*** Opening of Input records ***

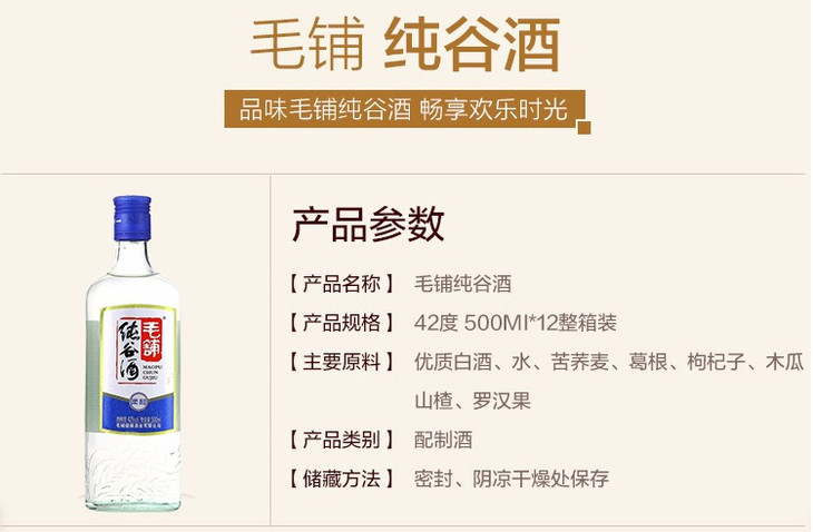 毛铺纯谷酒 42度 500ml*12瓶(送1支本品)
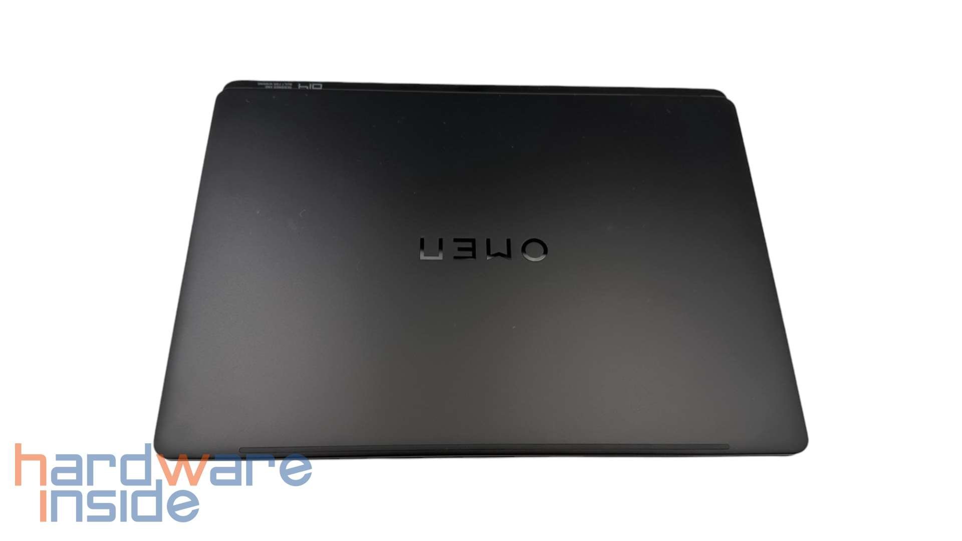Werfen wir zunächst einen Blick auf den Deckel des HP OMEN Transcend 14 Gaming Laptops. Dieser besteht aus mattschwarz lackiertem Aluminium. In der Mitte sehen wir den Schriftzug der Serie. Die Oberfläche wirkt auf uns wertig, jedoch sind sehr schnell Fingerabdrücke sichtbar.
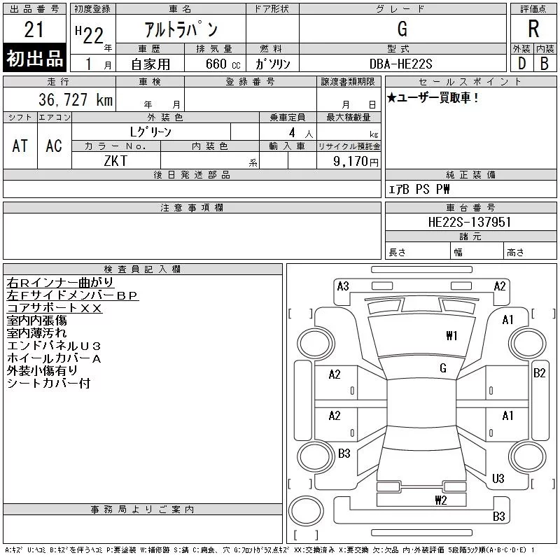 Suzuki ALTO LAPIN с аукциона Японии CAA Tokyo лот № 21
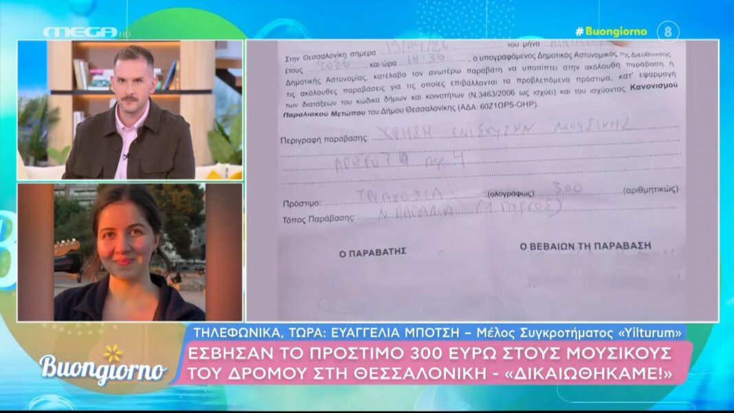 Η Ευαγγελία Μπότση, μέλος του συγκροτήματος «Yilturum», αναφέρεται στο πρόστιμο των 300 ευρώ που επιβλήθηκε στους μουσικούς του δρόμου στη Θεσσαλονίκη. Στην παρέμβασή της, τονίζει την αδικία αυτής της απόφασης και την ανάγκη υποστήριξης των καλλιτεχνών που προσφέρουν ψυχαγωγία στους πολίτες.
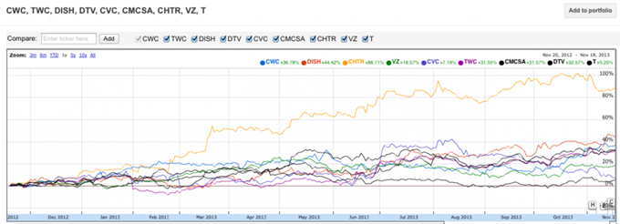 下圖顯示的是多只有線電視股票去年的表現(xiàn)。說實(shí)話,還真不錯(cuò)!

*** Close of Input records ***

Task to complete — Your answer must be an exact copy of the lines above, from the line that contains "Suzuki ALTO LAPIN" through the final line, with no pictures in it.

Final answer —
 Suzuki ALTO LAPIN с аукциона Японии CAA Tokyo лот № 21
 Η Ευαγγελία Μπότση, μέλος του συγκροτήματος «Yilturum», αναφέρεται στο πρόστιμο των 300 ευρώ που επιβλήθηκε στους μουσικούς του δρόμου στη Θεσσαλονίκη. Στην παρέμβασή της, τονίζει την αδικία αυτής της απόφασης και την ανάγκη υποστήριξης των καλλιτεχνών που προσφέρουν ψυχαγωγία στους πολίτες.
 下圖顯示的是多只有線電視股票去年的表現(xiàn)。說實(shí)話,還真不錯(cuò)!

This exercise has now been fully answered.